== Exercise goal ==
Transcribe the listing word for word, beginning at its first line and ending at the line containing "Se manifiestan en"; omit the pictures.

== Data block ==

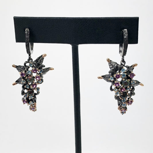 Grape Vine 925 Sterling Silver Earrings With Opal, Rhodolite Garnet And Blue Topaz
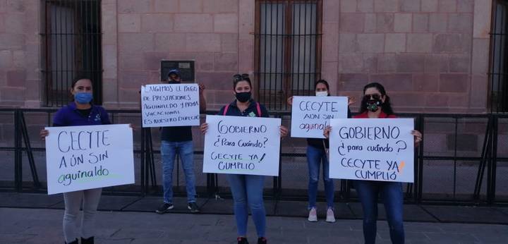 Se manifiestan en el primer cuadro de la ciudad maestros pertenecientes al Sindicato Único de Trabajadores del Colegio de Estudios Científicos y Tecnológicos de San Luis Potosí, SUTCECYTE, debido a que no les han pagado aguinaldos homologación salarial y otras prestaciones que superan los 100 millones de pesos.
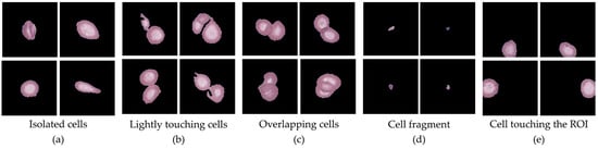 Representative examples of cell categories identified during preprocessing are as follows: (a) isolated single cells retained for classification; (b) small separable clusters excluded to avoid ambiguity; (c) larger overlapping clusters with indistinguishable cells; (d) fragments or platelets, with only platelets retained; and (e) cells truncated at ROI edges, excluded from analysis.

== Exercise result ==
 Grape Vine 925 Sterling Silver Earrings With Opal, Rhodolite Garnet And Blue Topaz
 Se manifiestan en el primer cuadro de la ciudad maestros pertenecientes al Sindicato Único de Trabajadores del Colegio de Estudios Científicos y Tecnológicos de San Luis Potosí, SUTCECYTE, debido a que no les han pagado aguinaldos homologación salarial y otras prestaciones que superan los 100 millones de pesos.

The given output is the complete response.